Amur falcons
Amur falcon

Manipur Pledges To Protect Amur Falcon

October 14, 2019

An Amur falcon named Manipur was shot dead on November 2018 and its partner Tamenglong was last spotted in Zambia.

The birds were named so by Tamengling district magistrate (DM) Armstrong Pame who has a knack for naming birds after places.

Locally known as Akhuaipuina, the Amur falcon is a migratory bird that travels thousands of kilometres from China to Africa.

It makes a halt of 45 days in the Northeast for roosting and colonising as the climatic condition here is favourable.

A locally found insect also attracts the birds since they get sufficient protein for continuing their flight to Africa.

"I have taken a pledge to protect each and every Amur falcon which will arrive here in Manipur this year," reported News 18 quoting Pame.

"I was heartbroken when I got to know that my friend from China was shot dead in my state," he further said adding that it left him and many others "disturbed".

Putting a ban on hunting of the birds, Pame asked the residents of 29 villages to deposit their shooting arms (air guns etc) by October 25.

He informed that the guns will be returned only when the birds leave for the second leg of their journey to Africa, or after November 30.

"An awareness campaign in the villages has also been initiated and the response is very good," he added.

He also issued a letter to the villagers, in which he said the hunting/killing/destruction of wildlife in punishable.

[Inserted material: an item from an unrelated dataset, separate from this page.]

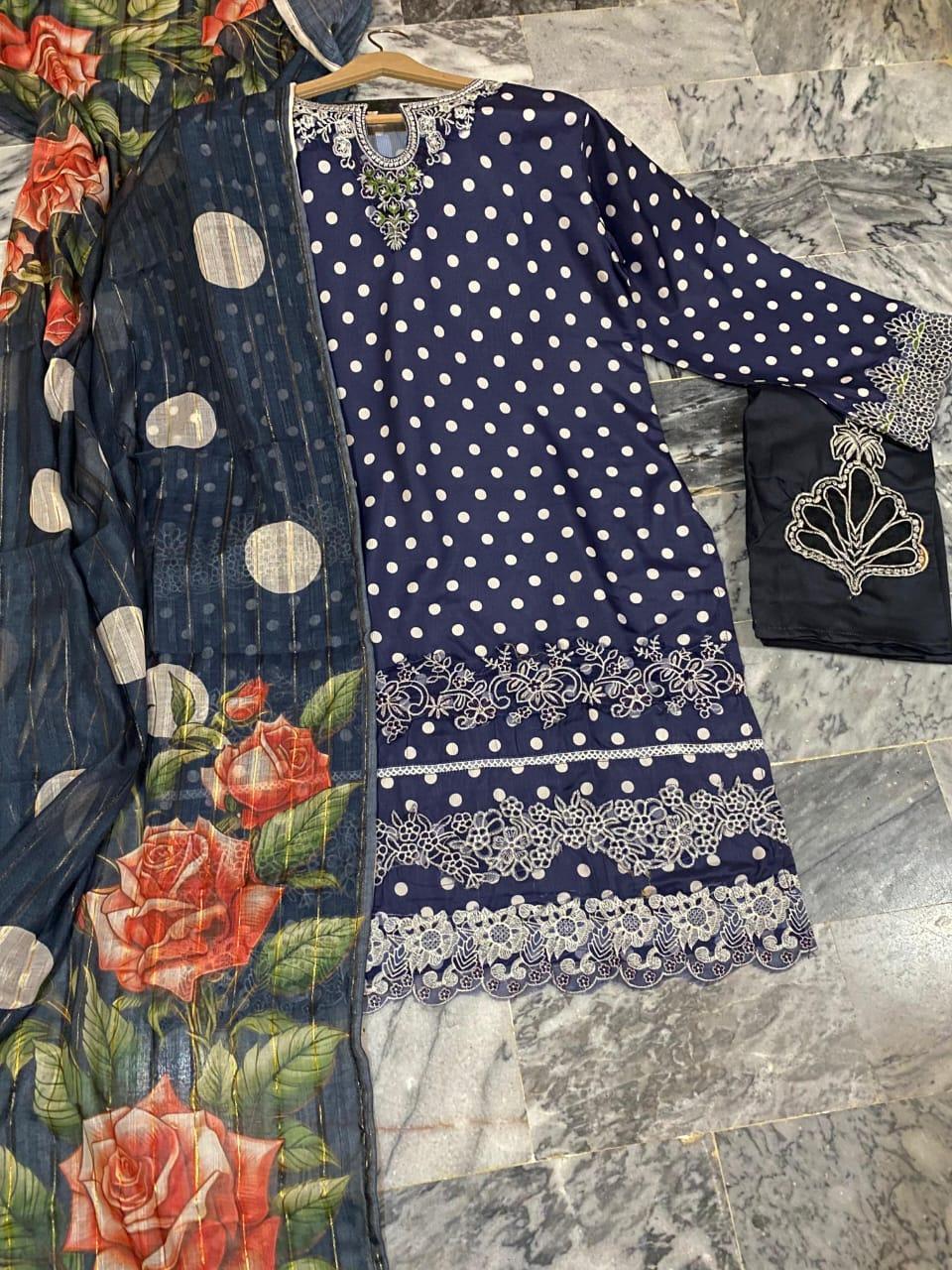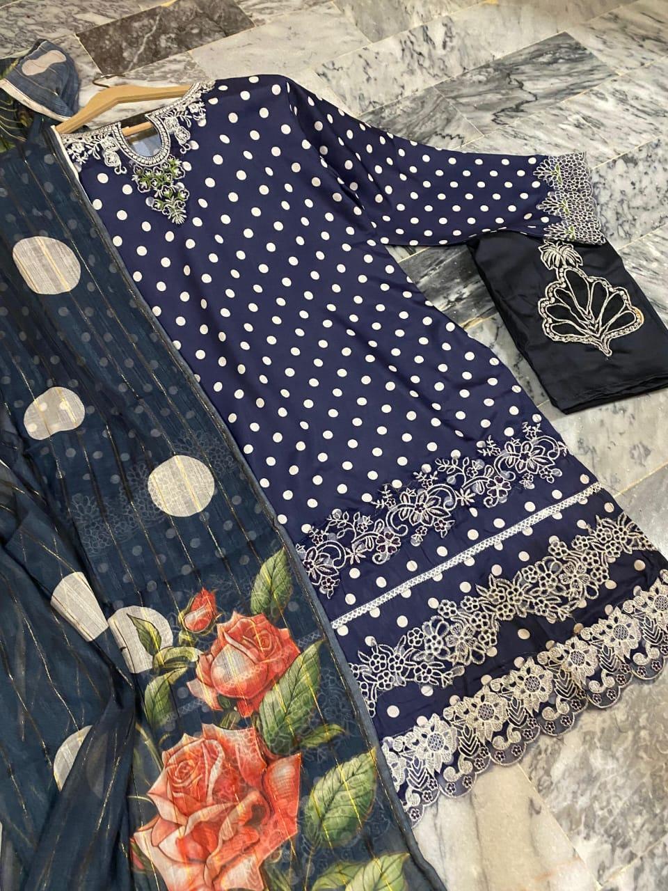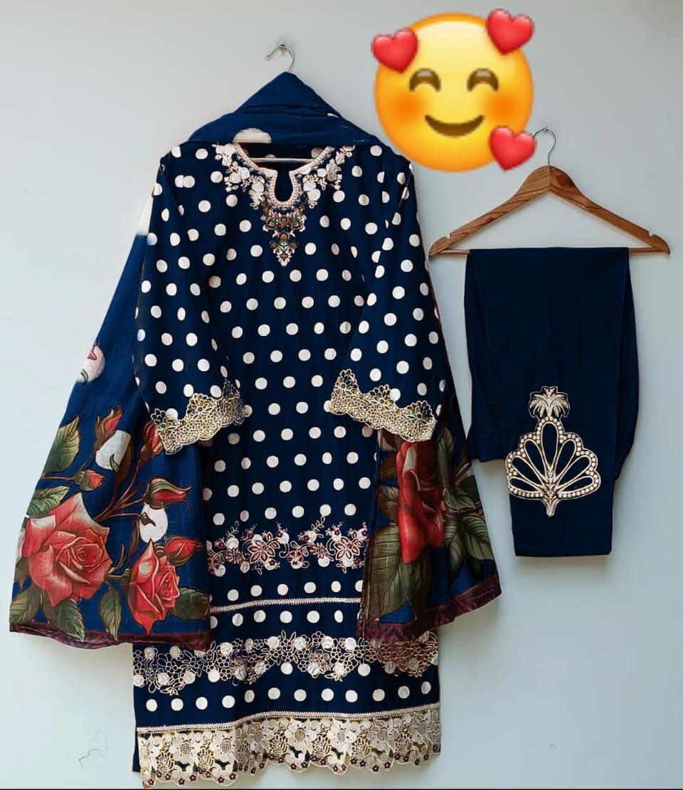 Polka-printed Swiss lawn shirt with embroidered patch on the neck and border, paired with embroidered trouser and printed monar lawn dupatta. Elegant and breathable for everyday wear.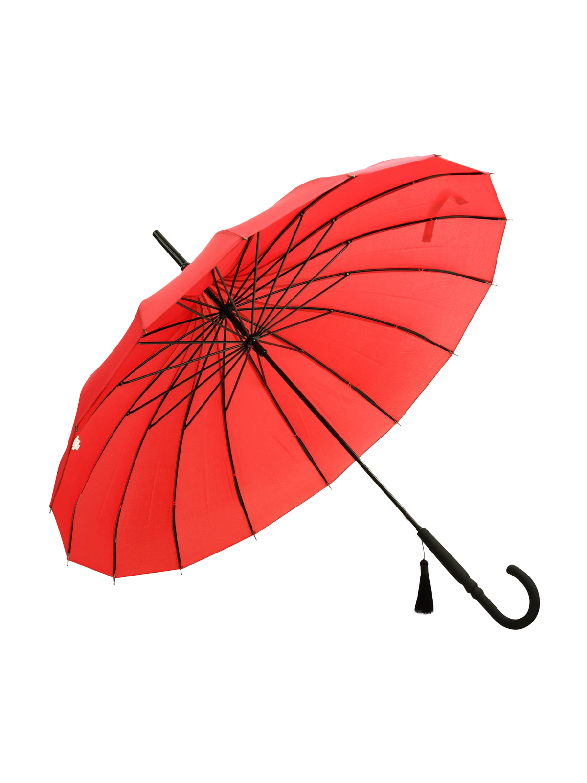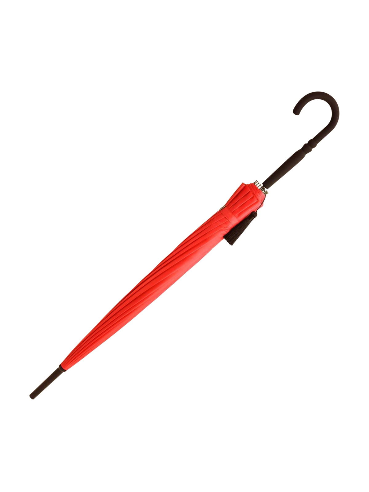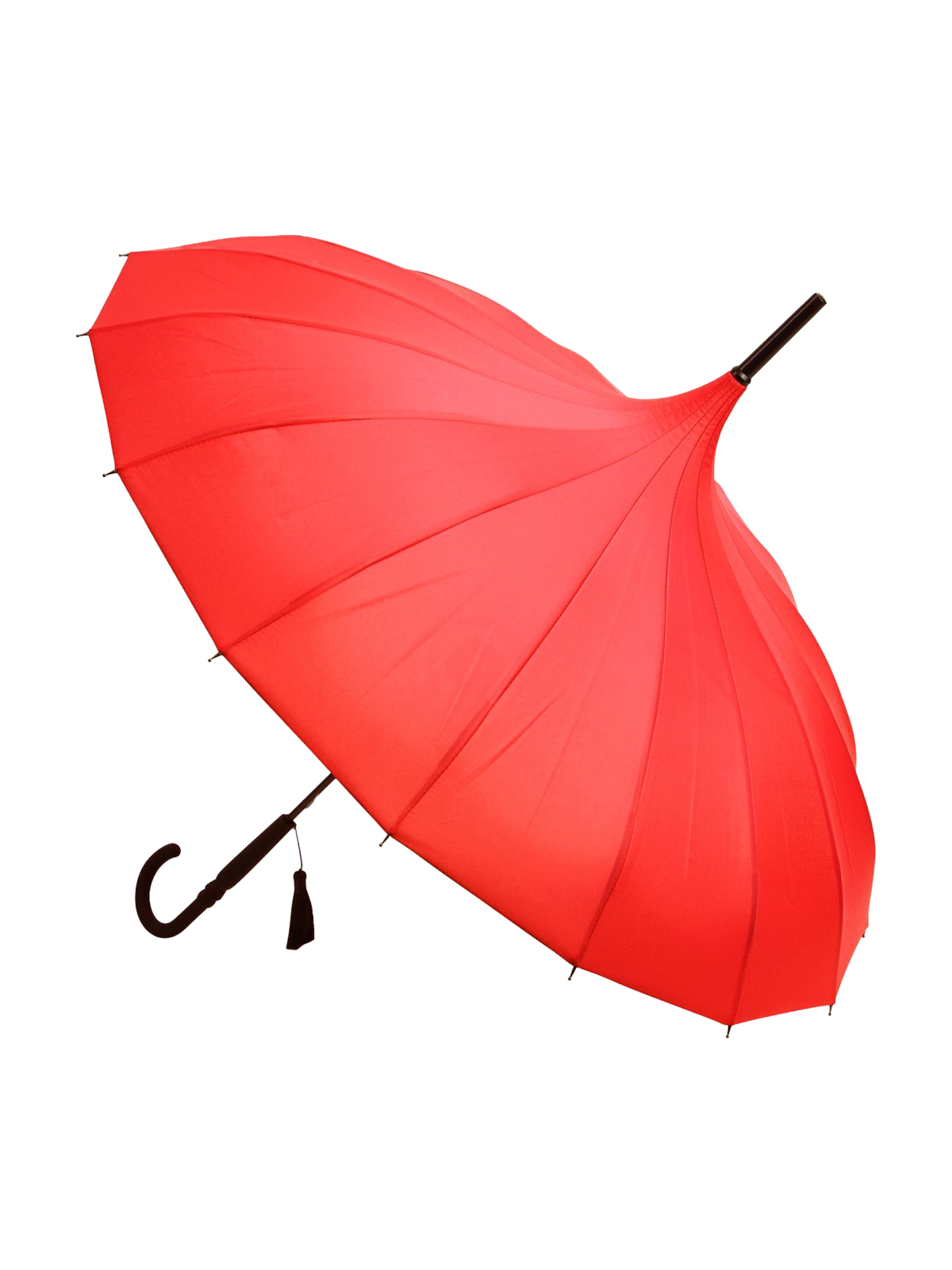 Classic retro look pagoda umbrella in a sassy bright red shade. Black crook handle.

He said even if one kills the migratory birds Amur falcon (Falco amurensis) in any way for food or possession or otherwise will be a punishable offence.

"The offenders will be punished under section 50 and 51 of the Wildlife Protection Act 1972," Pame added in the letter.

"There is a total ban on hunting, catching, killing and selling of Amur falcon by anyone in the district with immediate effect," he added.

DFO Arun RS infomred that the forest department has planned to tag five more falcons this year.

A name keeping competition will also be organised for naming the five birds.

"We are emotionally connected to our winged guests. When they leave, we actually miss them," the DFO added.